- _Data below_
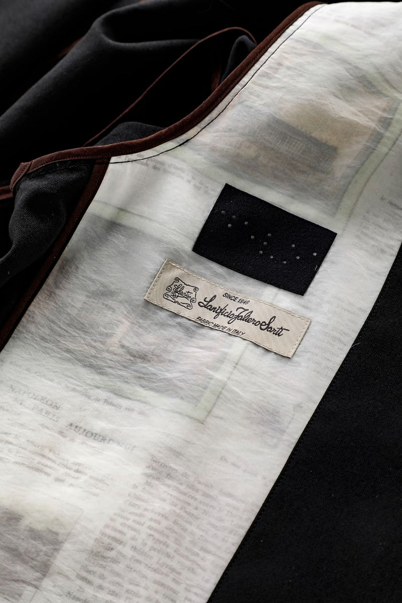 表生地はイタリア・Faliero Sarti(ファリエロサルティ) 社で強撚したコットン糸を使って高密度に織り上げた生地を制作。生地のきめが細かく、手触りは滑らかでドライタッチで適度な張りのあるタフな質感とウールのような雰囲気を併せ持った生地です。厚みとしてはシャツ生地よりも少し厚みのある程度で、ジャケットに使う生地にしては薄手です。
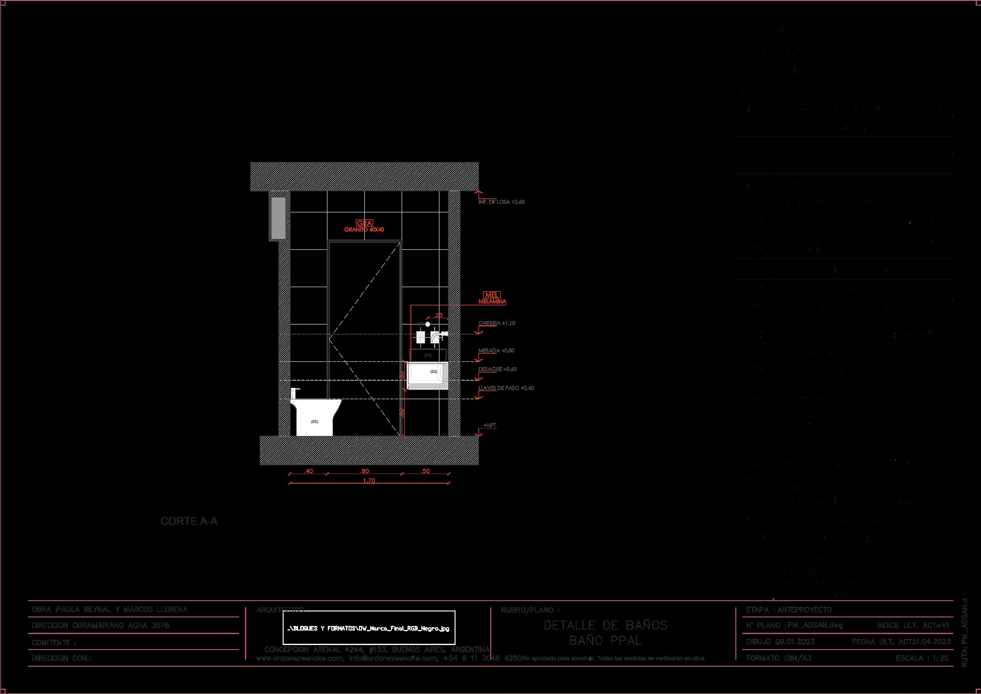 GRA GRANITO 40X40 +NPT -0.05 (100) ESPEJO (01) (02) CAJON INTERNO CAJON (03) CAJON INTERNO CAJON CAJON MESADA +0.80 INF. DE LOSA +2.63 LLAVES DE PASO +0.40 +1.20 GRIFERIA +1.10 DESAGÜE +0.60 1,43 FILO SUP. ESPEJO +2.00 GRA GRANITO 40X40 FILO SUP. VENTANA +2.10 (10) PERCHAS +1.80 LAQ LAQUEADO GRIFERIA +0.90 (07) TRANSFERENCIA +0.60 FLOR DE DUCHA +2.20 INF. DE LOSA +2.63 +NPT FILO SUP. VENTANA +2.10 ANTEPECHO +1.04 (06) MESADA +0.80 MEL MELAMINA 0,85 V-04 0.60
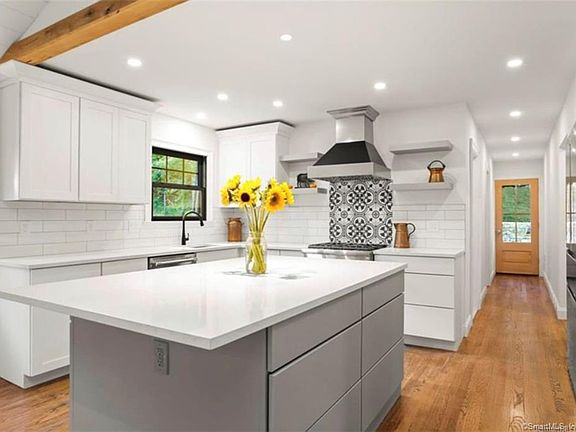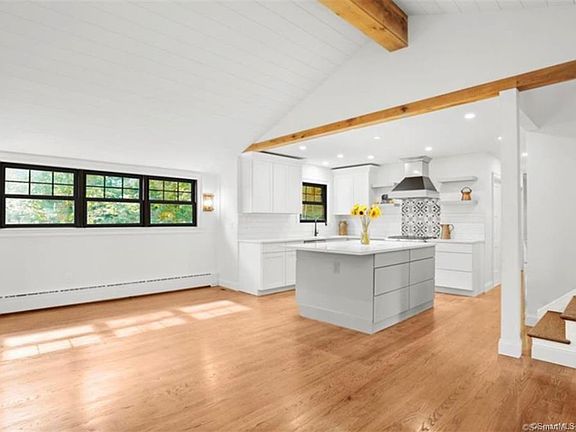 Located in the sought-after Pinewood Lake area, right in the center of historic Nichols. Convenient to schools, parks, highways, and restaurants. Completely renovated with high end quality materials. Mid-century, modern farmhouse feel with open floor plan, cathedral shiplap wood ceiling with antique white oak beam, gourmet kitchen with custom cabinetry, quartz countertops, tiled backsplashes, and Thermador Professional Series appliances. 1st floor guest bedroom and a home office which can also be a 5th bedroom. Main level laundry room off an oversized mudroom/entry foyer. Two full baths that are beautifully custom tiled. All new plumbing with Kohler fixtures throughout. New thermopane JELD-WEN windows throughout, new underground 200 amp service, all new electrical wiring, new efficient Lennox hydro air/heat and central air system, city water and sewer, refinished oak hardwood floors, Outside, high end board and batten siding specially treated Australian pine. Lifetime Timberline shingled roof, custom natural stone privacy walls and newly paved driveway. This home offers an oversized backyard that backs up to 330-acre Beach Memorial Park that has hiking trails. Deeded rights to Pinewood Lake Association with optional membership, which offers year round activities, with direct access to lake right across the street! The public records still show the original square footage of the home before renovation
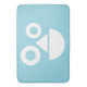ansikte byggt med en halv cirkel, två olika storleka cirklar med hål i mitten för ögon och en triangel för näsan. Finns i flera färg. Roligtens för barn badrum.

- _The problem_
Quote, please, every line of the material above from its start through the line that has "GRA GRANITO 40X40 +NPT", reproducing the words exactly and dropping any images.

- _Reply_
 表生地はイタリア・Faliero Sarti(ファリエロサルティ) 社で強撚したコットン糸を使って高密度に織り上げた生地を制作。生地のきめが細かく、手触りは滑らかでドライタッチで適度な張りのあるタフな質感とウールのような雰囲気を併せ持った生地です。厚みとしてはシャツ生地よりも少し厚みのある程度で、ジャケットに使う生地にしては薄手です。
 GRA GRANITO 40X40 +NPT -0.05 (100) ESPEJO (01) (02) CAJON INTERNO CAJON (03) CAJON INTERNO CAJON CAJON MESADA +0.80 INF. DE LOSA +2.63 LLAVES DE PASO +0.40 +1.20 GRIFERIA +1.10 DESAGÜE +0.60 1,43 FILO SUP. ESPEJO +2.00 GRA GRANITO 40X40 FILO SUP. VENTANA +2.10 (10) PERCHAS +1.80 LAQ LAQUEADO GRIFERIA +0.90 (07) TRANSFERENCIA +0.60 FLOR DE DUCHA +2.20 INF. DE LOSA +2.63 +NPT FILO SUP. VENTANA +2.10 ANTEPECHO +1.04 (06) MESADA +0.80 MEL MELAMINA 0,85 V-04 0.60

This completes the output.